** What to do **
Using the records below, write out again exactly the lines that begin at the line containing "The algebra of" and end at the line containing "针对客户行业特性,,,提供专", and no other lines.

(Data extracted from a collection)
□ □ □ □

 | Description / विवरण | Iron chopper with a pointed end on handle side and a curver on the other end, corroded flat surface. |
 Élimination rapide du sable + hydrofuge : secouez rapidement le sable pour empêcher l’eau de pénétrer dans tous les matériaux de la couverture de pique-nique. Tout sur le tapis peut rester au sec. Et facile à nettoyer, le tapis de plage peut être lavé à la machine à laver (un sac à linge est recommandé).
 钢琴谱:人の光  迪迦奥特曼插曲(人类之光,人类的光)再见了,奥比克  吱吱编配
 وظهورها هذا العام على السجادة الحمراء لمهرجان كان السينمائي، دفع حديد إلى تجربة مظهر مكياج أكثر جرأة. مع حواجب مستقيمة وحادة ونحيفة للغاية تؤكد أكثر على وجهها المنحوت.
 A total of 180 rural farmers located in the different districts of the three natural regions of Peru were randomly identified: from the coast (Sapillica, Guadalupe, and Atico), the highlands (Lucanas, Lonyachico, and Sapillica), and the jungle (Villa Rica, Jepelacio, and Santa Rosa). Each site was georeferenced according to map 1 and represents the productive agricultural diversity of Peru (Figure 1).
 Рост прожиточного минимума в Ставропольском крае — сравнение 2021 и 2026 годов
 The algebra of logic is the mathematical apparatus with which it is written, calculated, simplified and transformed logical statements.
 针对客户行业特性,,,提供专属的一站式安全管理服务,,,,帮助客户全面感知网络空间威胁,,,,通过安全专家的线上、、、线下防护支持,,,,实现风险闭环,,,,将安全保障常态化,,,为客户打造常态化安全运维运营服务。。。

□ □ □ □

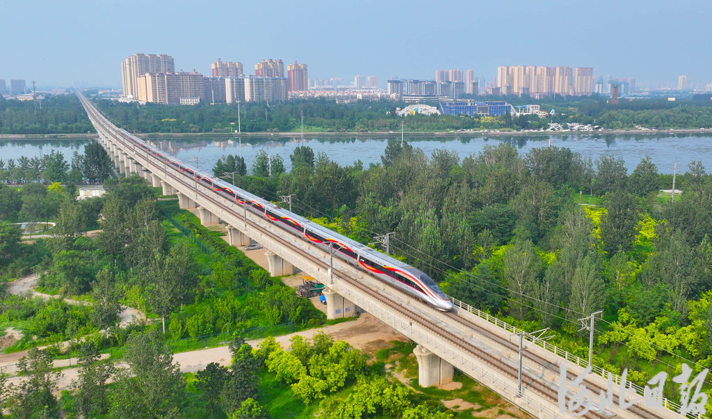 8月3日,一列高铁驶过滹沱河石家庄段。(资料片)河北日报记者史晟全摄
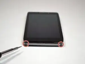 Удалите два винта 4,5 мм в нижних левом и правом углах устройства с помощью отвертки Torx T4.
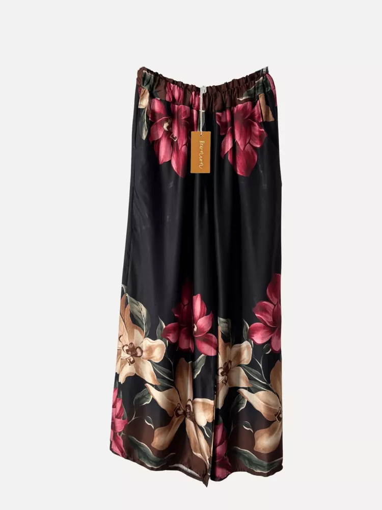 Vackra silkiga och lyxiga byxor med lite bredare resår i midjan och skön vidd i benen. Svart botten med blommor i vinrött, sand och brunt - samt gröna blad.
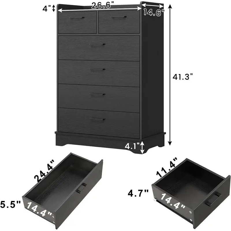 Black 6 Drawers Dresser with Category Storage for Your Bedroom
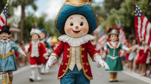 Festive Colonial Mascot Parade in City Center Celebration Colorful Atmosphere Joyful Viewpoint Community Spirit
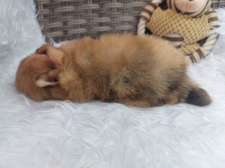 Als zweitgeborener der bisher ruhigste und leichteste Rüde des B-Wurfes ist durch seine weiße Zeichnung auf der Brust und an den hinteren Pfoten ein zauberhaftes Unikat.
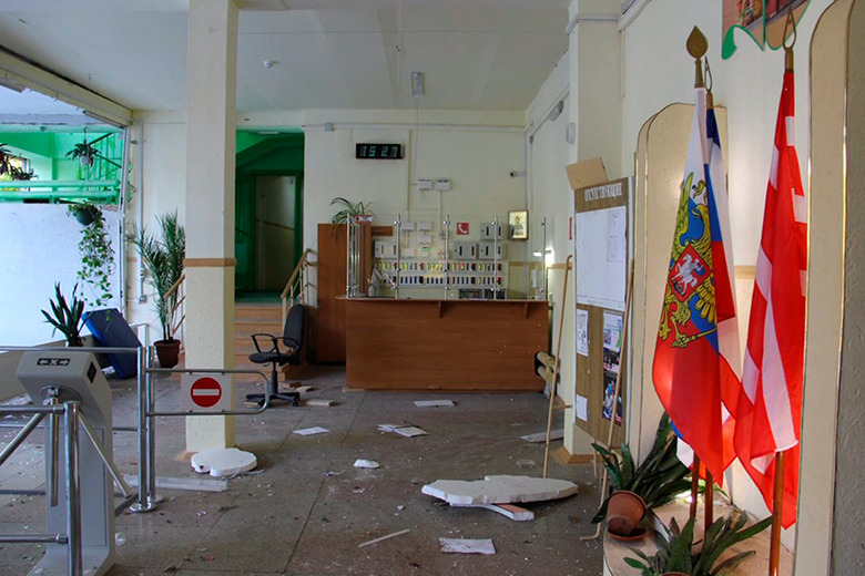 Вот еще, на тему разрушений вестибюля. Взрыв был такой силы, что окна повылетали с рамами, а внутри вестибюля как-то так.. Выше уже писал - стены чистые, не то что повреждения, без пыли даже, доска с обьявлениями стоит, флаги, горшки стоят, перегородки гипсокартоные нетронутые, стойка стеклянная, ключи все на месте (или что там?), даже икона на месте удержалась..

□ □ □ □

** Answer for this exercise **
 The algebra of logic is the mathematical apparatus with which it is written, calculated, simplified and transformed logical statements.
 针对客户行业特性,,,提供专属的一站式安全管理服务,,,,帮助客户全面感知网络空间威胁,,,,通过安全专家的线上、、、线下防护支持,,,,实现风险闭环,,,,将安全保障常态化,,,为客户打造常态化安全运维运营服务。。。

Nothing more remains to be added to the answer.